The inevitability of a united Ireland as the eventual consequence of the protocol is not a thought confined to unionist circles. It is also increasingly the tenor of nationalist discourse. Various organisations have assembled talking heads for milquetoast ‘dialogue’ about what a New Ireland will look like. But there is a complacency at the heart of this. Do people seriously think that a referendum to split off part of the UK will simply be granted by a government of chauvinistic British nationalists in Westminster? Meanwhile, nefarious actors both in public and behind the scenes have sought to pour petrol on the flames of resentment and alienation to engineer a crisis and make the protocol untenable. There is no reason to believe that the British state is not at the very least aware of this. While many socialists and progressives in the North laudably seek to promote working class unity as the solution to rising tensions, this seems like an unlikely outcome so long as the overarching political atmosphere is one of borders and cultural resentment. But the protocol is not going away, and Irish Unity is further away than some of its most complacent advocates insist. Instead, the region is in no-man’s-land and perhaps on the edge of a dangerous abyss.

  1. This also showed centrist Alliance Party just one point behind the DUP. Alliance overtaking the DUP could spark something of an institutional crisis. The First Minister position in the Stormont executive is shared between the highest polling party from the two community designations but, as Alliance choose not to designate as nationalist or unionist, they would in theory be denied a share of the office in spite of being the second most popular party behind Sinn Fein. 

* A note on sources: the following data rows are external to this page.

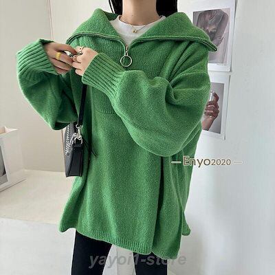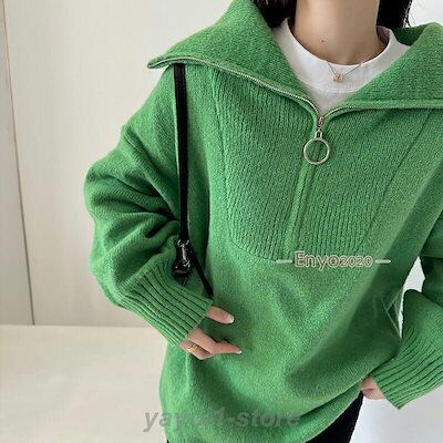 ニット ハーフジップ プルオーバー レディース セーター トップス ハイネック タートルネック 秋冬 長袖 ボリューム袖 ジップ リブ スリット 大きいサイズ 韓国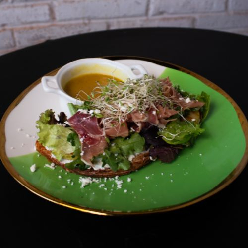 Pan de masa madre, queso crema, salmón ahumado, cebolla morada, alcaparras, germinado, chile quebrado y vinagreta de la casa.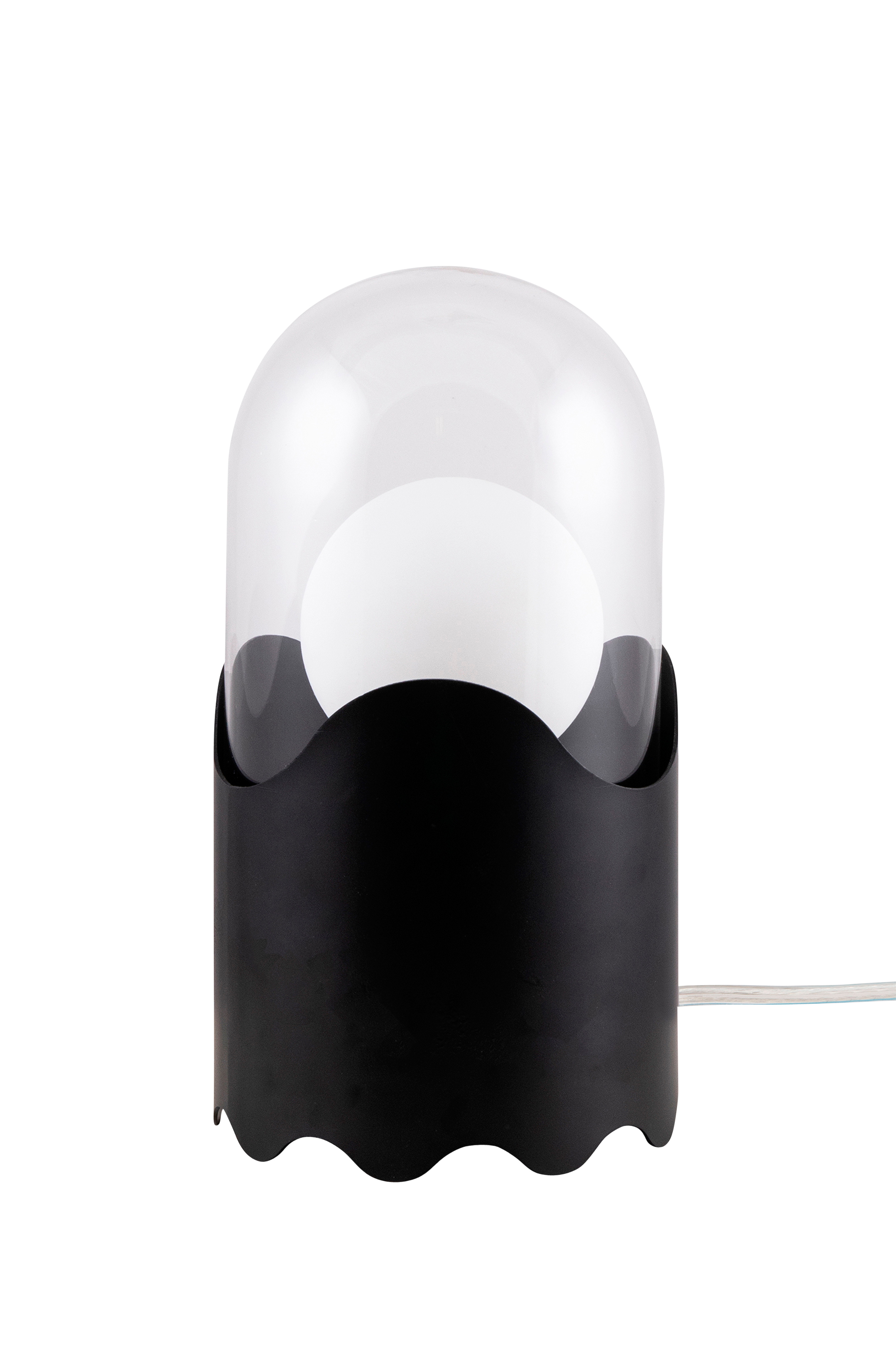 En liten, lättplacerad bordslampa som i sin form påminner om ett spöke. Lampans bas är gjord i lackad metall. Ovanpå metallställningen ligger en klar glaskupa. Lampan har en 200 cm lång transparent kabel med brytare. Bredd: 14, Djup: 14, Höjd: 26 (cm) Lamphållare: 1xE27 Max 6W Rek. Ljuskälla: E112 (Medföljer ej)

  2. Their role in the national campaign was an interesting one. Due to security laws in Northern Ireland, the identity of donors to political parties do not need to be publicly revealed. So when wrap-around pro-Brexit advertising paid for by the DUP appeared on the Metro newspaper in London, it was quickly speculated that this law and the party itself was being used as a loophole to funnel money into the Brexit campaign in secret. Work done by Open Democracy is worth reading for the full picture. 

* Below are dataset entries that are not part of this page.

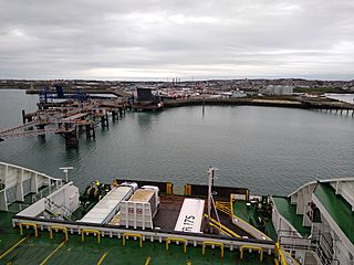 Description: Salt Island, Anglesey, seen from an arriving ship, the MV Ulysses (2000).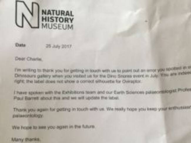 Días más tarde, el museo envió una carta a casa de Charlie reconociendo que el niño tenía razón y que estaban "verdaderamente impresionados", agradeciendo sus conocimientos sobre paleontología.
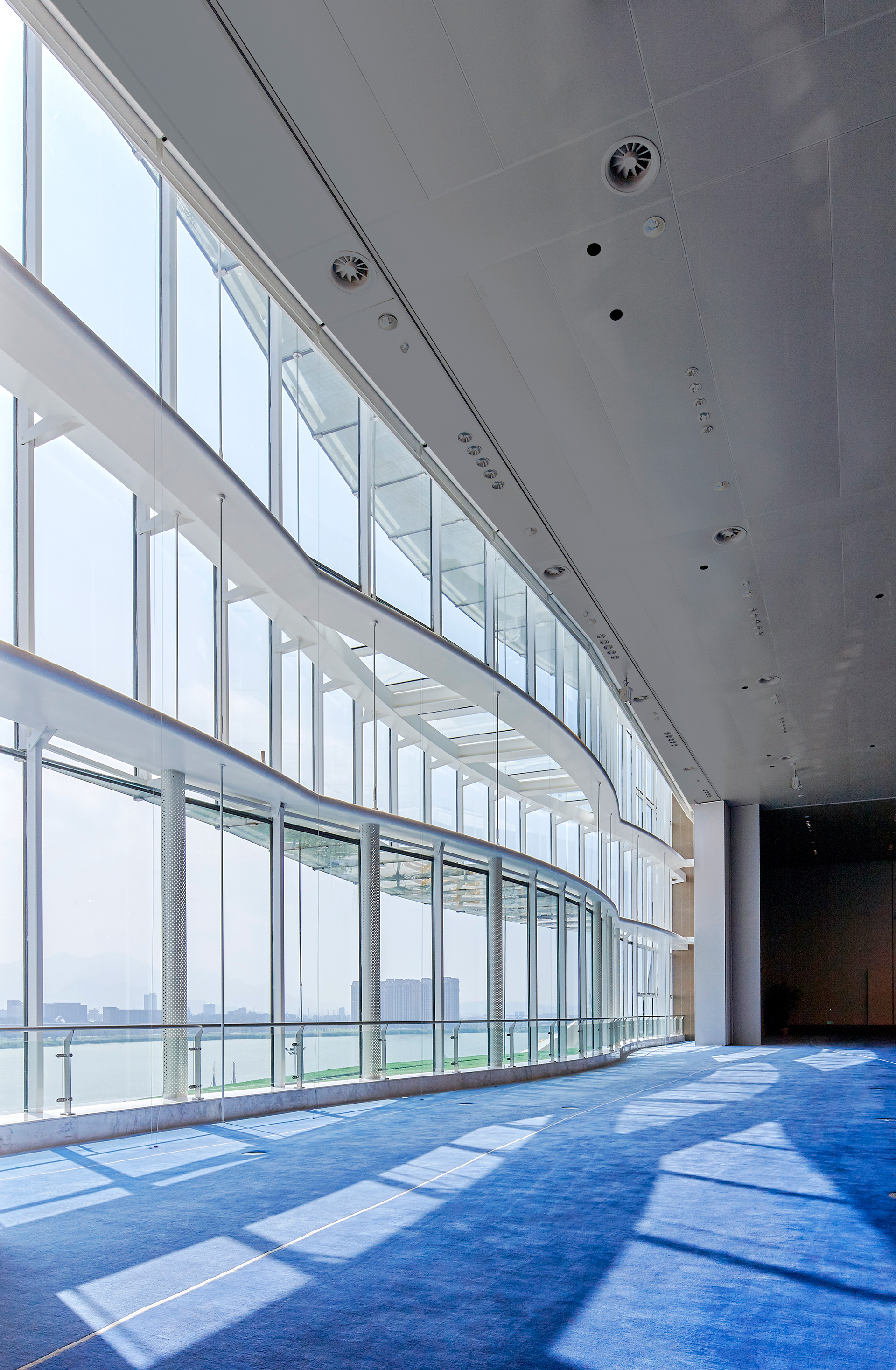本工程作為國家重點項目,需要體現(xiàn)當代數(shù)字科技理念來作為“數(shù)字中國”建設(shè)峰會的永久會址使用,在此為前提的引領(lǐng)概念下,運用現(xiàn)代材料凸顯了地域特色,“數(shù)字福船”在總體造型基礎(chǔ)上呈現(xiàn)出了數(shù)字化建筑語言,建筑在使用過程中借助BIM平臺集成了完整的數(shù)字化三維信息系統(tǒng),并在云計算、物聯(lián)網(wǎng)、大數(shù)據(jù)、人工智能等方面真正打造了科技智慧展館,為建設(shè)科技強國打下了堅實的基礎(chǔ),為“數(shù)字中國”的實現(xiàn)提供了堅實的支撐。

  3. Former City Councillor Jolene Bunting became infamous over the last few years for her organising with Britain First. Formerly of the TUV, Bunting was removed from the party in 2017 and continued on the council as an independent, using her position to invite British far-right activists Jayda Fransen and Paul Golding to Belfast, around which rallies and leaflets were organised particularly targeting Muslims. While the more republican-oriented Irish Freedom Party have attempted some mobilisation in the North, these incidents with the British far-right have been by far the most high profile fascist activities in the region in recent years and have been counter-protested by the left. It should come as no surprise that the insular and reactionary ideology of loyalism has proven itself to be fertile ground for far-right imports. 

  4. One of the guns used in the killing had been handed in to the police before inexplicably being returned to the UVF. Even more inexplicable was the fact that the gun was later discovered to be on display in the Imperial War Museum in London in spite of it still being part of an open case. 

  5. While I don’t feel comfortable with linking to the social media accounts of private individuals to make this example, anyone who looks at the various hashtags associated with the campaign will encounter people who have devoted their entire online identity to the case. 

  6. Two further points worth considering in this is that the two major parties of unionism, the DUP and UUP, both continue to support academic selection at age 11 and the continued existence of grammar schools, oft a major contributing factor to class stratification in academic achievement. Furthermore, some unionist politicians have engaged in a nonsense culture war with Queens University in an attempt to portray it as a ‘cold house’ for unionists. The basis of this stems from the fact that Queens Students Union elections have been won by some students from a republican background and that one academic has published papers making an economic case for Irish unity.